Naturally, visa holders coming to the United States to work make up a sizeable portion of our client list. The type of visas range from A to Z in the alphabet and each of them have special rules as to counting days in the United States; and taxation of their United States and/ or their world-wide income.
Caveat: These rules should be navigated under professional guidance to save financial and legal trouble in the future.
Two of the most frequently asked questions by visa holders are usually about Social Security taxes and saving for retirement.
We will focus on retirement savings in this blog post.
Retirement savings come under two categories:
- Pre-tax: A pre-tax retirement contribution yields a tax saving in the year in which it is made. The contribution grows tax-free until it is distributed, at that time it is taxed as ordinary income at your then tax rates. This is usually a "Traditional" contribution.
- Post-tax: A post-tax retirement contribution is when taxes are paid upfront. The contribution grows tax free and is also usually not subject to taxation when a distribution is taken. This is usually a "Roth" contribution.
Some of these factors are elaborated below:
- Employer match for your contributions and vesting schedule:
Does your employer match some of your contributions? And how long do you have to work with them to take the employer match before you leave the company? If your employer matches your contribution, you should definitely contribute up to the match if you think you are going to stay with the company for as long or longer than the vesting period. This is free money!
- Length of residency in the US or future plans:
If your plans are to eventually get a Green Card and settle in the United States, this is a no-brainer- you should invest in retirement funds. However, if you do not or cannot plan to live in the US for the long term, you need to read further.

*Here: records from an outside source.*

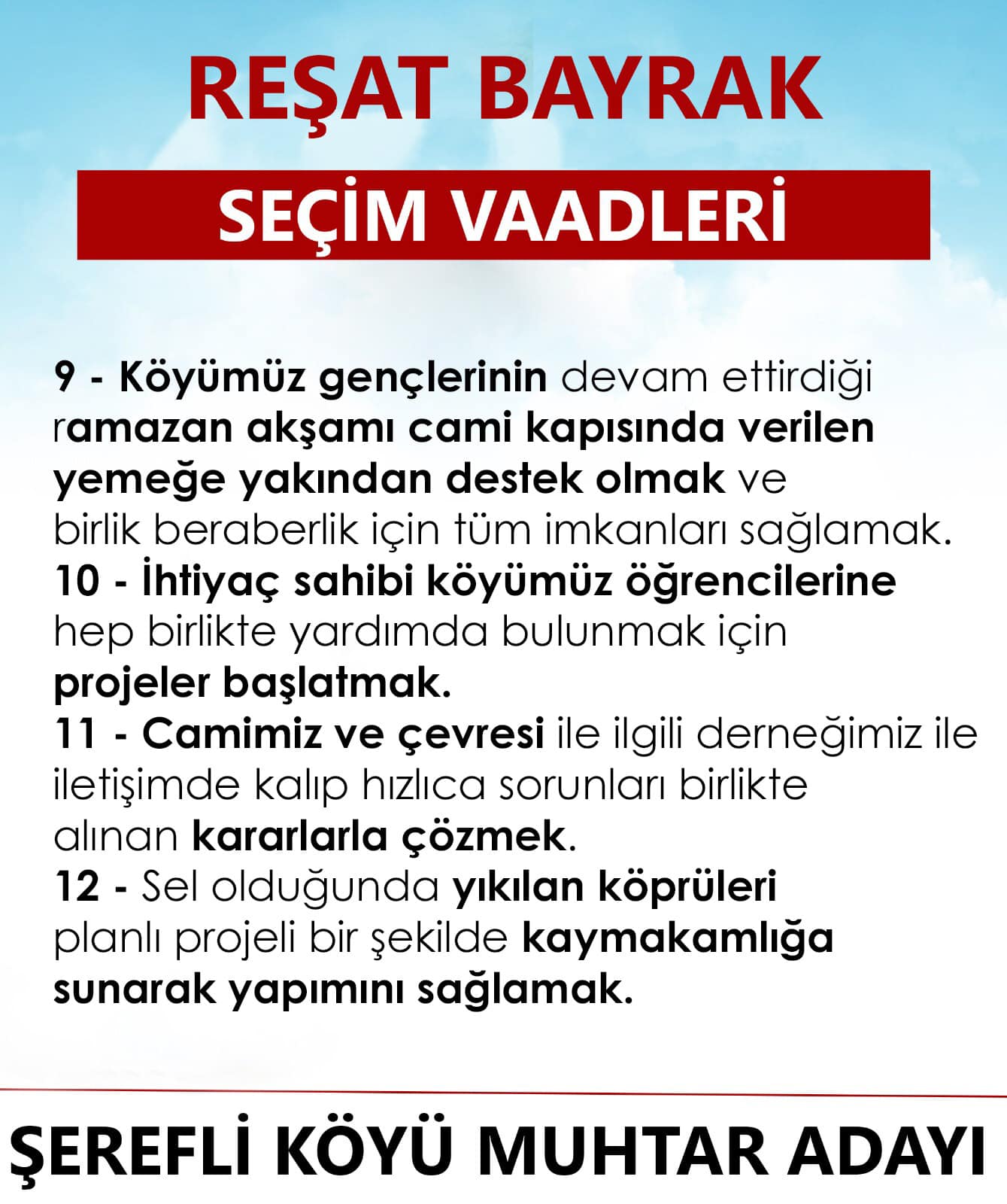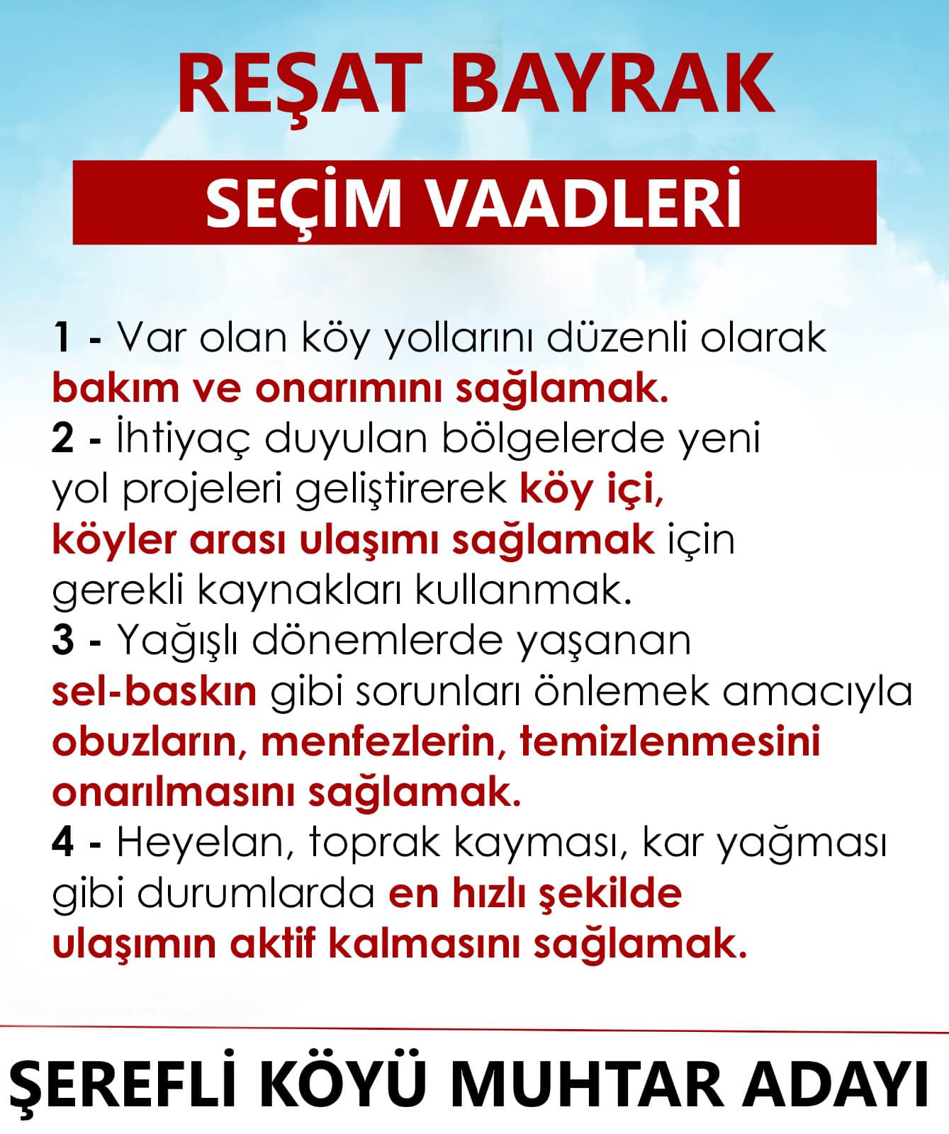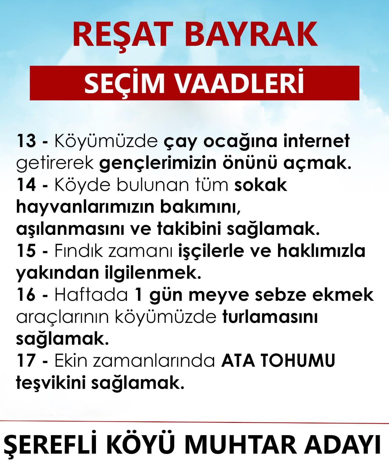 Giresun Piraziz Şerefli Köyü Muhtar Adayı Reşat Bayrak’ın 21 Maddelik Program başlığında köylüsüne vaatlerini sıraladı.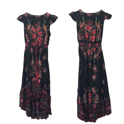 Product Name: Women V-neckline Sexy Floral Rose Bohemian Boho Long Maxi Dress Sundress Travel Beach Dress Front Button Closure Sea Side Dress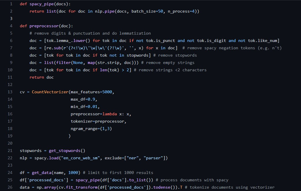 We also remove a total of 1,192 stopwords from the text. This list is composed of Scikit-learn’s English stopword list [9], the list of scientific stopwords curated by Seinecle [10] and a list of stopwords we added ourselves. Lastly, we exclude any terms that occur in more than 90% of documents as well as those that occur in less than 1% of documents.To efficiently preprocess the data we start by putting all documents through Spacy’s pipe functionality and then subsequently tokenise the data by putting it through our custom preprocessor function. We provide a custom preprocessor function to the Countvectorizer to ensure the object works well with the output of Spacy. The code shows the functions used to execute all of these steps: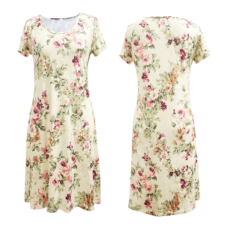 A csomag tartalma: 1 * Elegáns női ruha kerek nyakkivágással és virágmintával.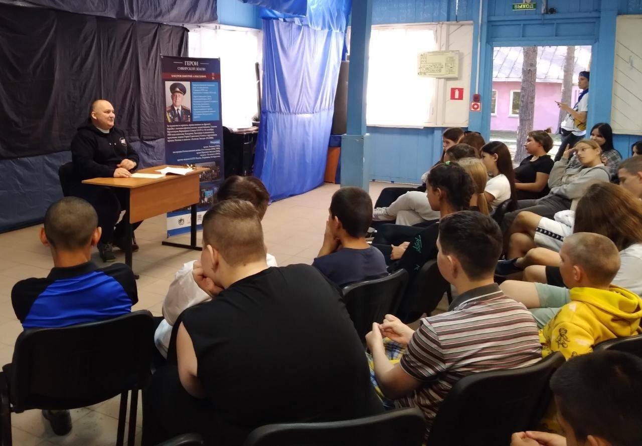О роли и специфике службы в Вооружённых Силах России участникам смены рассказали Владимир Алексеевич Шуев, президент фонда ветеранов спецподразделений «Антитеррор», учредитель НРОД «Защитник», участник СВО; Александр Викторович Секачев, руководитель музея боевой славы НОО «Российский союз ветеранов Афганистана»; Александр Михайлович Вальтеев, полковник, командир ОМОН г. Прокопьевска; Анатолий Александрович Рожков, подполковник ОМОН г. Новосибирска; Александр Степанович Ткаленко, руководитель ВООВ «Боевое братство». Ребята смогли задать почётным гостям вопросы о военной службе и специальной военной операции. В рамках фотосессии ребята с огромным удовольствием сфотографировались с гостями смены.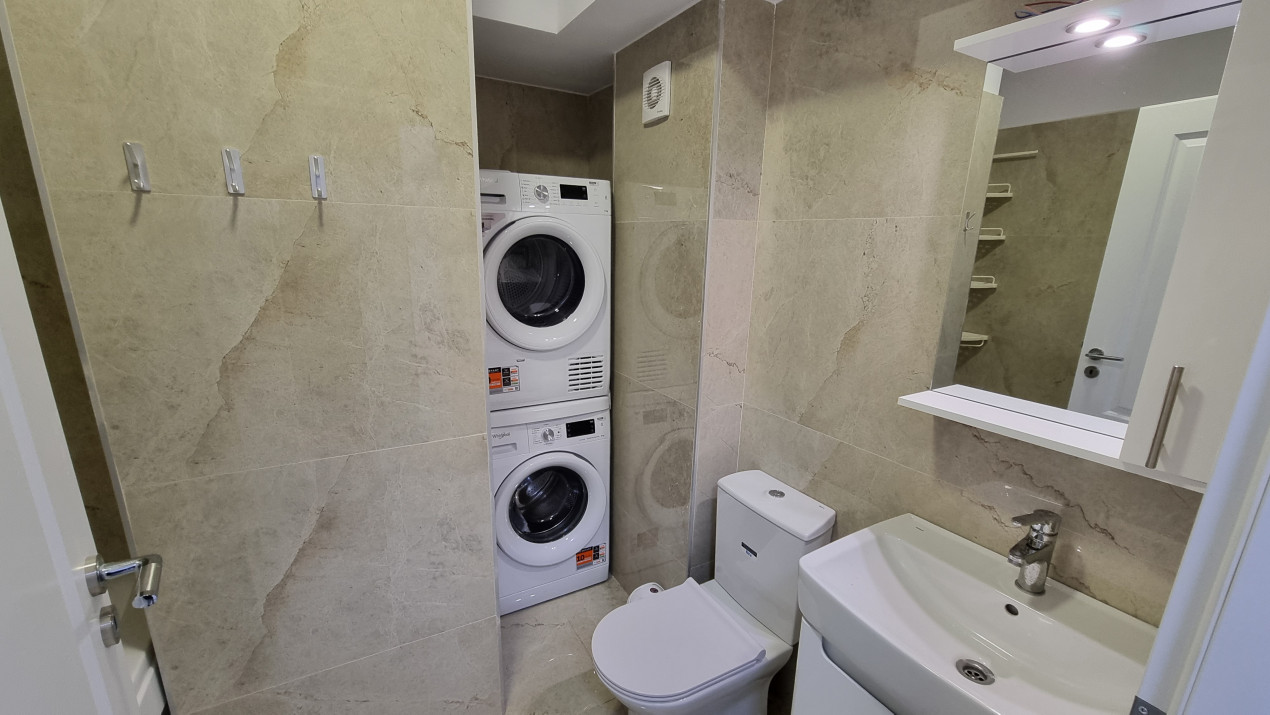 Baie mobila ta si utilata cu masina de spalat rufe si uscator.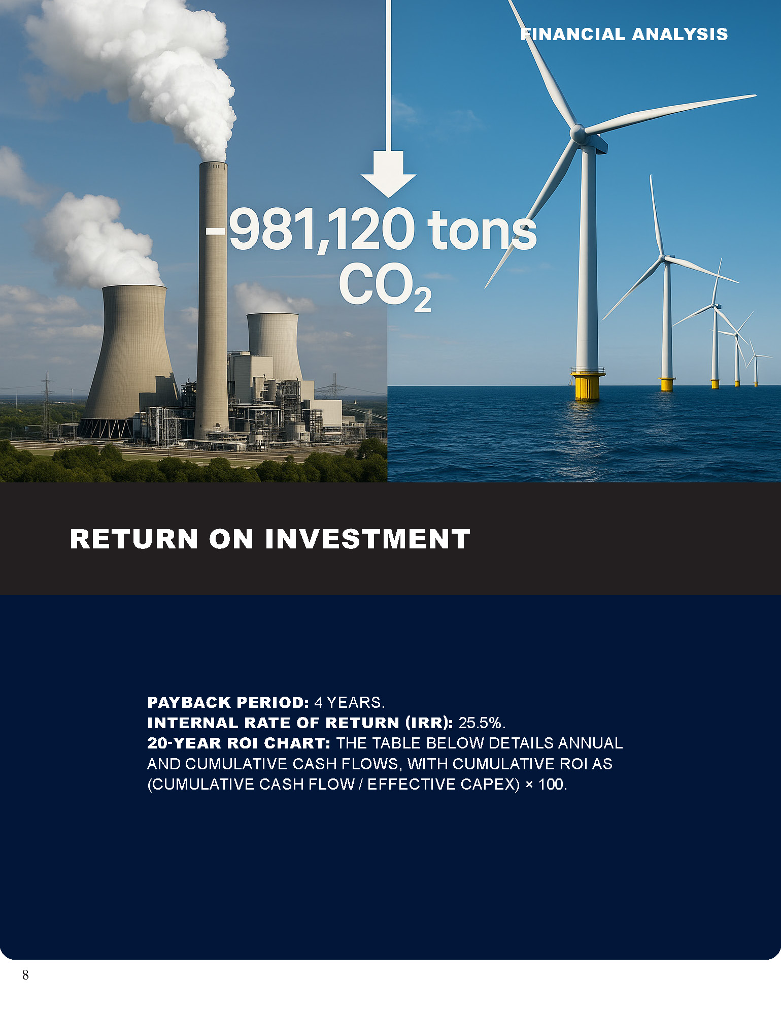 - 20-Year ROI Chart: The table below details annual and cumulative cash flows, with cumulative ROI as (cumulative cash flow / effective CAPEX) × 100.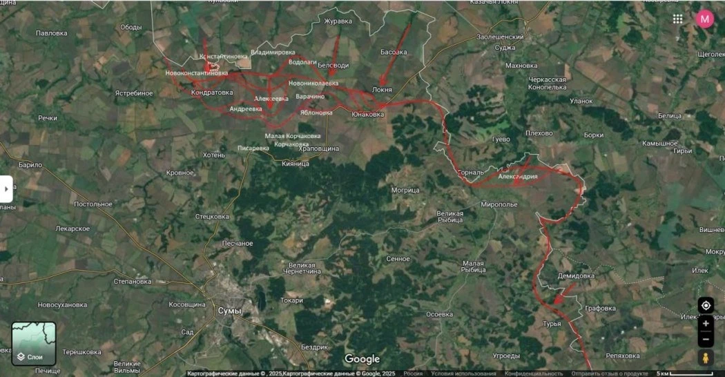 Российские войска имеют тактические успехи южнее Андреевки и Алексеевки, на северных окраинах Яблоновки и Юнаковки, продолжаются встречные бои. На фоне наступления ВС РФ киевский режим вынужден эвакуировать население более ста населенных пунктов в Сумском регионе, информирует "Военное обозрение".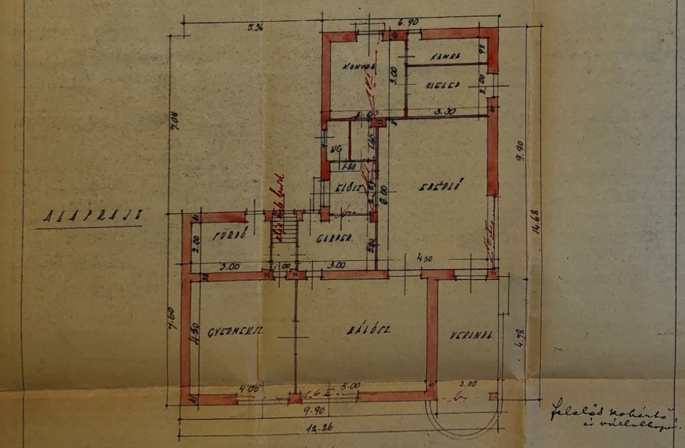 Történetesen egész pontosan tudjuk, hogy ki és mikor építette a házat, ugyanis megvannak az eredeti engedélyes tervek. 1935. március 30-án készítette őket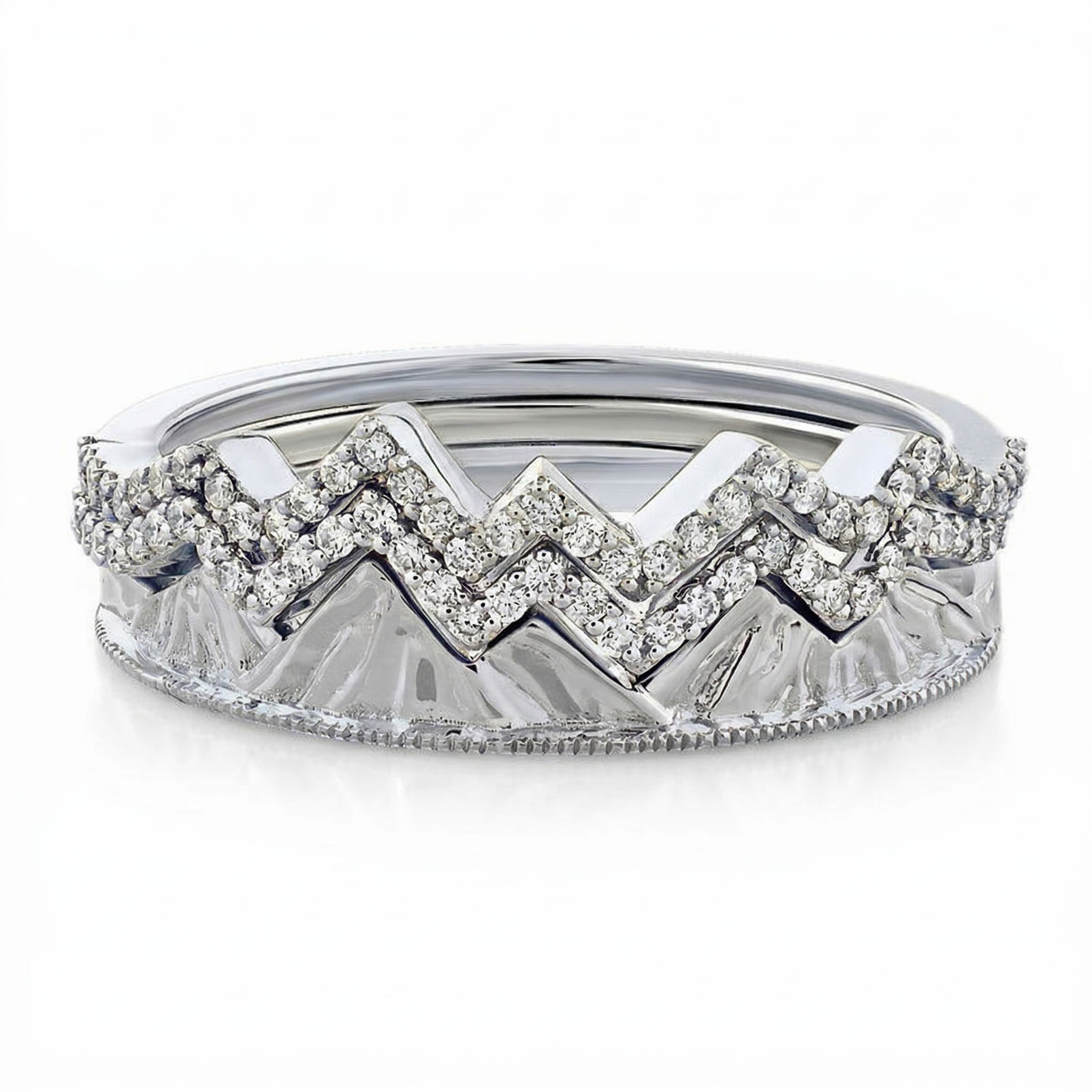 - 14KW White Gold Ring Mountain Range Alternating Pave & Polished Diamond 0.21 Ctw

- Short term and long term goals for your funds:
Depending on the length of your stay in the US and your long term goals, investing in brokerage funds for ease of repatriation and convenience of liquidity may be a better goal for you.
- Country where you plan to return to and whether this country has a tax treaty with the United States and Taking a distribution from your retirement savings as an NRA:
The United States will tax you on distributions from your pre-tax retirement accounts unless the tax treaty it has with the country of your residence specifically states otherwise. If the tax treaty says that the United States has the right to taxation of your retirement funds, the tax rates are the same as if you were a US resident. If there is no tax treaty or if the resident country can also tax your earnings, you need to take into account if you will get a credit for one country's taxes paid on the other country's tax return. In this case, the US will tax your distribution at 30% flat rate before distribution of funds.
- Managing funds in your retirement accounts when not present in the United States or as an NRA:
Many retirement plan brokerage fund custodians do not want to deal with the additional reporting and compliance requirements if the plan participants are foreign citizens or non-resident aliens (NRA). Or they may not want to deal with your account if your balance is too small or the plan or your company might close your accounts. If this happens, you will be forced to either take a distribution or you may have to find a custodian who will service your accounts. The brokerage funds may also require medallion signatures.
- Post tax retirement savings and distributions:
I am of the opinion that if your long term plans do not include settling in the US, a Roth contribution may not be of much use to you unless the country you are planning to settle in also recognizes the Roth "wrapper" for your investments. Remember, you do not pay capital gains taxes as an NRA on the sale of your US investments hence, unless the tax free growth is accounted for in the country where you will reside after you move out, there is no advantage to making a Roth contribution.
- Future Tax Laws:
No doubt we can all agree that future tax laws are highly unpredictable. If you want to cut all ties to the United States once you leave the country, it is best to take all your retirement funds out as soon as you leave. Or plan your savings in such a way that there is minimal tax impact.
We help clients in their pre-immigration and pre-emigration planning. This includes coming up with various scenarios for you to decide what your exit strategy should be and what you should do with your funds in the United States after moving out of the country. Please contact our office if you have questions regarding any of the above or more.
Consult with an Enrolled Agent for your unique tax needs and make sure your questions are answered. Always remember to read my disclaimer here. If you have any more questions regarding this or other tax matters, contact me via my website www.mntaxbiz.com.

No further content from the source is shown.